Presented By O'Reilly and Cloudera
Make Data Work
September 25–26, 2017: Training
September 26–28, 2017: Tutorials & Conference
New York, NY

Automatic comments moderation with ModBot at the Washington Post

Eui-Hong Han (The Washington Post), Ling Jiang (The Washington Post)
2:05pm2:45pm Wednesday, September 27, 2017
Secondary topics:  Media, Text
Average rating: ****.
(4.50, 2 ratings)

Who is this presentation for?

  • Data scientists and product managers in journalism

Prerequisite knowledge

  • A basic understanding of natural language processing, machine learning, and text mining

What you'll learn

  • Explore ModBot, a machine learning-based tool developed by the Washington Post for automatic comments moderation


In news publishing, the comment section has a really bad reputation.

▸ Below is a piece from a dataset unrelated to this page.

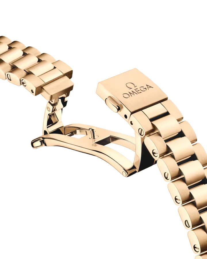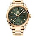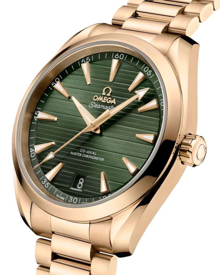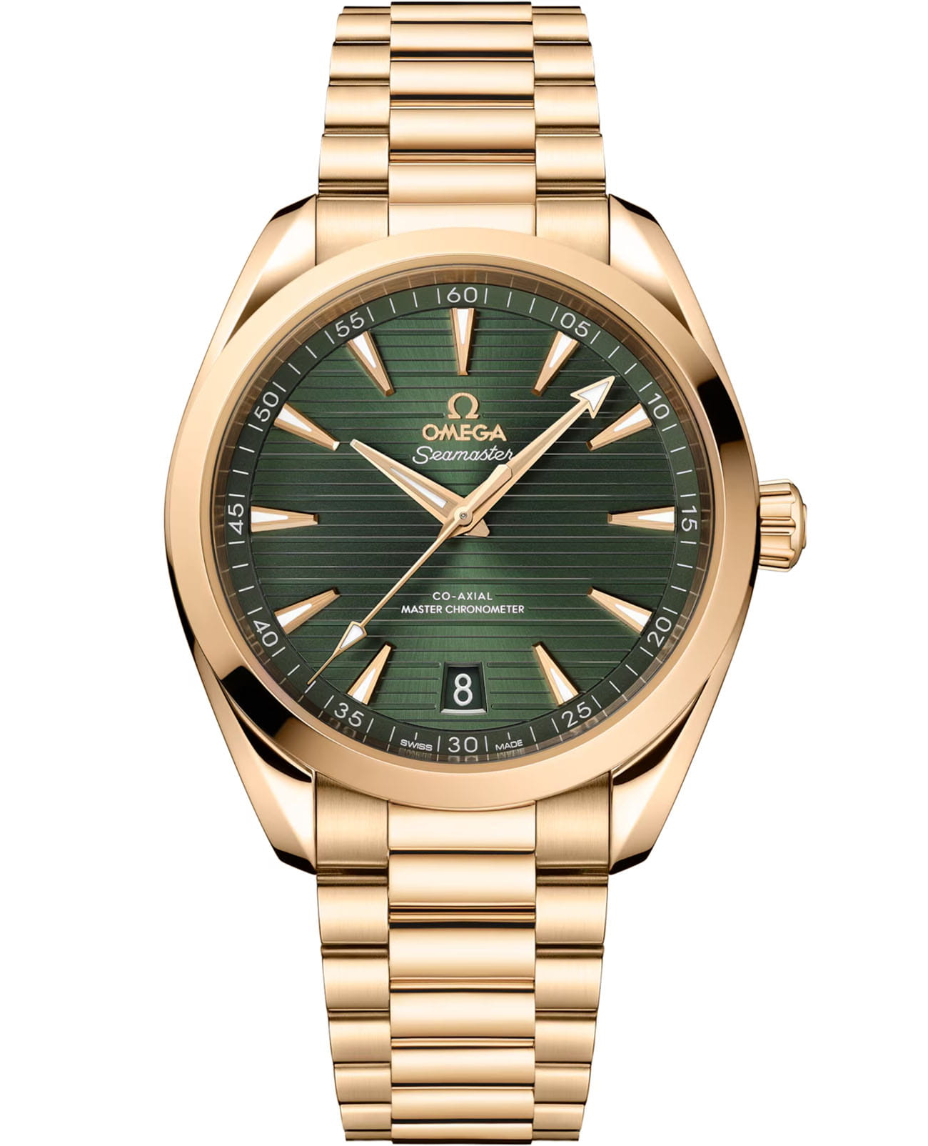 Omega Seamaster Aqua Terra выполнены в симметричном корпусе из 18-каратного золота Sedna™ с завинчивающейся задней крышкой, украшенным волнистым узором. Циферблат дополнен окошком даты на 6 часов, вдохновлён текстурой тикового дерева на палубе яхты. Стрелки и метки оснащены Super-LumiNova для лучшей читаемости в темноте. Механизм Калибр Omega 8901 сертифицирован как Master Chronometer — гарантия высочайшей точности и устойчивости к магнитным полям. Запас хода составляет 60 часов. Защита циферблата обеспечивается сапфировое стеклоСапфировое стеклоПрочный и надёжный материал из кристалла сапфира синтетического происхождения, характеризующийся особой твёрдостью и устойчивостью к царапинам и повреждениям. с антибликовым покрытиемАнтибликовое покрытиеСлой оксида металла в 0,13-0,3 микрон, благодаря которому стекло часов не бликует и не отражает свет. Антибликовое покрытие уменьшает отражение света в 10 раз, обеспечивая отличную читаемость показателей циферблата.. Водозащита Позволяет использовать водные часы без повреждений. Часы установлены на браслете из 18-каратного золота с . Это сочетание премиального качества, технологичности и классического дизайна.

It’s often seen as the Wild West—a place where ugly, hateful comments drown out thoughtful, diverse criticism and discussions. At the Washington Post, the quality of online comments is incredibly important. The company wants to stimulate meaningful conversations while maintaining a civil and thoughtful comment section. A good comment section not only is beneficial for fostering close relationships with readers and improving user engagement and loyalty but also serves as a source for new story ideas for journalists.

Online news comments are casual free text generated by readers. Evaluating such content is not a trivial task. Historically, the moderation task was accomplished by humans. However, with the rapidly growing volume of online comments, the manual process consumes a vast amount of resources. Although much research has been done on automatically analyzing online comments, only a few studies have been conducted in journalism specifically. In addition, the criteria used for moderation vary a lot depending on the problem to be solved and the specific settings.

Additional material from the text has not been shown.